がっかりしないためにも休業日、営業時間の確認は確実に。
九楽
初めて入った和歌山ラーメンの店がここ。スープは豚骨押さえ気味、
醤油の立ったあっさりめの豚骨醤油ですっきり飲める。
細めのストレート麺で昔ながらの中華そば、という表現がぴったり。

山為食堂
11時から夕方の5時までしかやってないが、いつ行っても客がいる。
麺はちゃんぽんのような太麺。こしがあって食べ応え充分。
とろとろのチャーシューも良い。
スープはこってり濃厚な豚骨醤油。スープの表面に脂の膜はっとる。
なのにそんなにしつこくなく意外とすんなり飲み干せる。
飲み干したどんぶりの底にはどす黒い粉状のものがたっぷり沈殿!
じっくり煮込んだ豚骨等の細かいカスだと思われる。
最初にスープをどんぶりの底からよーくかきまぜて食べる必要あり。
個人的にこってりスープが好きなので気に入っている。

和歌一ラーメン
JR和歌山駅近く。中細のストレート麺がやや固めに茹でられており、
スープはしっかりの豚骨ベースに醤油を利かせたあっさりめで、
野菜を煮込んだ甘味も感じられる。厚めのチャーシューも良い。

丸進中華そば
南海和歌山市駅直近。豚骨はあまり感じられず、鶏ガラベースかと
思わせるあっさり醤油スープ。麺・具材とも特にこだわりは感じない。
飲んだ後はいいかもしれないが、豚骨醤油を期待すると肩すかし。

のぶちゃん
豚骨をしっかり利かせ野菜の甘味であっさり飲みやすい豚骨醤油。
中細ストレート麺が少し固めに茹でてあり、やわらかいチャーシューも良い。
飽きのこないうまさが秀逸な一杯。

楓屋(かえでや)
豚骨白湯ベースの醤油味という一風変わったスープはまったりした感じの九州系。
スープに浮かべたゴマも珍しい。中細ストレート麺でやわらかめに茹でてあり
とろんとしたスープに絡む感じがよい。和歌山ラーメンのトレードマーク・
ピンク色のかまぼこが入っていないあたりも新進気鋭の印象。

まるやま小松原店
和歌山赤十字病院のやや南、国道42号線沿。
見た目ほど醤油辛くなくあっさり飲めるが、表面に脂が浮くほど
豚骨も利いていてうまい。
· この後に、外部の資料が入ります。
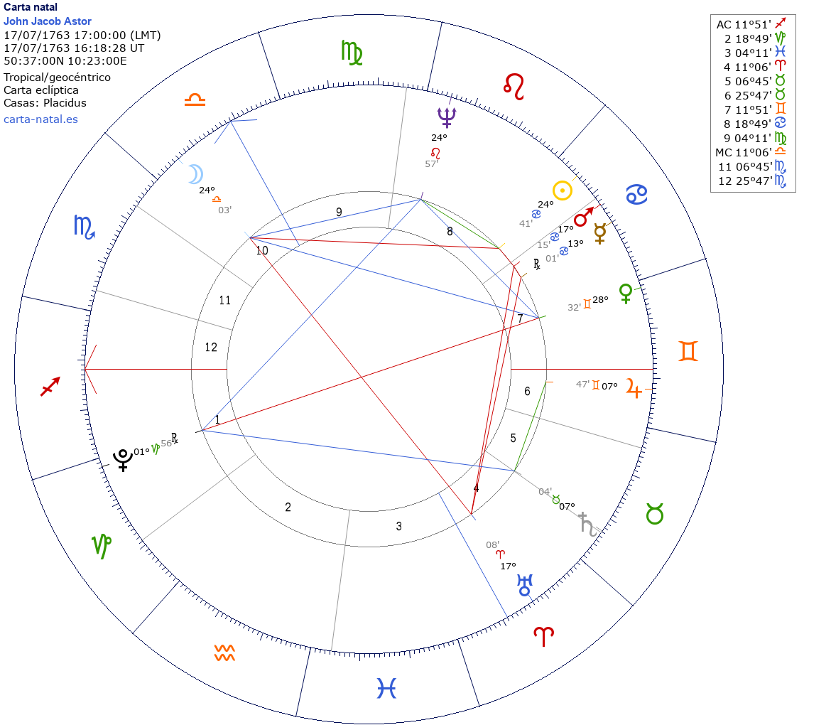 John Jacob Astor nació el 17 de Julio de 1763 a las 17:00:00 en Walldorf (Turingia), Alemania
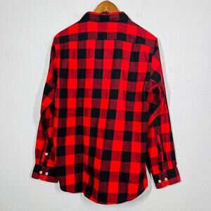 Design in Italy Flannel Shirt Button Down Lumberjack Red Black Checker - M

細いストレート麺で昔ながらという感じ。
個人的にはけっこう好きな味。

○高(花山)
花山温泉の近く、花山交差点にある。それほど醤油がきつくない豚骨醤油スープで、
どことなく和風な味わいがあり、最後にコショウが利かせてある。
麺は太麺。そして特筆すべきはチャーシュー。厚さ1センチの
でかいやつが4枚。普通のラーメンでこれなら、チャーシューメンは
どうなるんだろ。太いもっちり麺とチャーシューでボリューム満点。

居酒屋百番
南海和歌山市駅の地下にある居酒屋。麺は細いストレート麺。
スープはそれだけ飲むとコショウのような辛さが喉にビリッとくる。
豚骨醤油でちょっと和風だしの味も感じるが、総括するとスープが辛すぎる。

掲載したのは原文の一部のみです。